Response : { "score": 82.81, "keyword": "iphone charger", "result": { "success": true, "message": "Success!" } }

b. How does your algorithm work?

1-) When the request comes, i divide word into prefix combinations, Ex. ipad -> i, ip, ipa, ipad.
2-) Each prefix is assigned to a CompletableFuture task. I'm doing that because of time concern. Every thread works in parallel, asynchronously, they are non-blocking. Every thead waits each other until all of them finish their job.
3-) The task starts with getting succession from Amazon api by keyword.
4-) Calculation of horizontal score with the formula above.
5-) Calculation of vertical score with vertical coefficient.
6-) Combining all CompletableFuture, and summing results, sending in EstimationResponse.

I added circuit breaker, when the response time exceeds 10s, or occurs and exception, a meaningful response is sent to client.

c. Do you think the (*hint) that we gave you earlier is correct and if so - why?

In total, it has less effect, but it should be reflected. We can configure the efficiency with verticalCoefficient

d. How precise do you think your outcome is and why?

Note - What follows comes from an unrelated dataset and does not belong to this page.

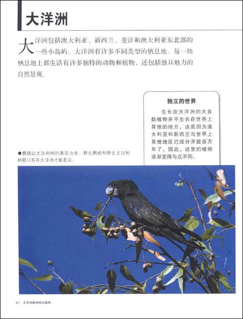 《我们爱地球·大洋洲最神奇的植物》内容简介:大洋洲包括澳大利亚、新西兰和邻近的一些岛屿。大洋洲有许多沙漠、高山和草原。现在,让我们一起来认识大洋洲最神奇的十种植物吧!桉树为什么能从荒原野火中幸存下来?寄生无花果树是怎么围剿其他树木的?豪猪草为什么能在干热的沙漠中生存?

The results may not be consisted, because there are millions products, thousands product type and brand. Every keyword has different density rate.
When I write "i", all succession item is Apple products, most of them are Iphone gadgets. But when I write "s", there is no Samsung product, for "sa" only one Samsung item. But these 2 brands have similar market share in US market. Although, "i" is determinative prefix for Apple, "sam" 3 letters, is s determinative prefix for Samsung.

Every keyword should be assessed in a specific product type, or brand. I think defining the coefficient dynamically is the matter. Currently, I'm calculating scores for each prefix with a static coefficient, but it could be defined with different parameters.